## Cifar10 with MC-Dropout

In this notebook we will use again the cifar 10 dataset. We will use only 2 of the 10 labels to train a CNN and use Dropout not only in the training but also at test-time. The labels for the trainig will be only airplane and automobile, but we will predict all ten labels!

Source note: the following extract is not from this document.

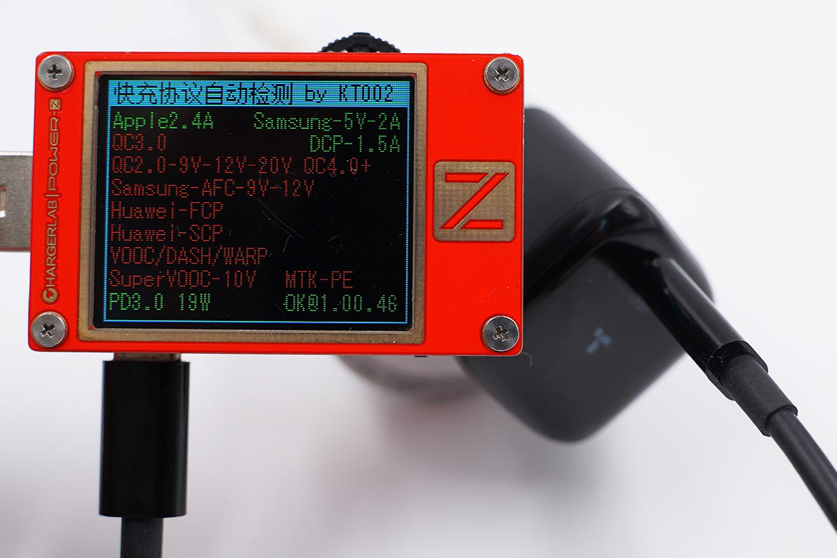 使用POWER-Z KT002讀取充電器的快充協議,實測支持Apple2.4A和PD快充協議。

The goal is find a method to distinglish between known and unknown labels.

In [None]:
import numpy as np
import matplotlib.pyplot as plt
%matplotlib inline

import tensorflow as tf 
import keras

In [None]:
from keras.datasets import cifar10
(x_train, y_train), (x_test, y_test) = cifar10.load_data()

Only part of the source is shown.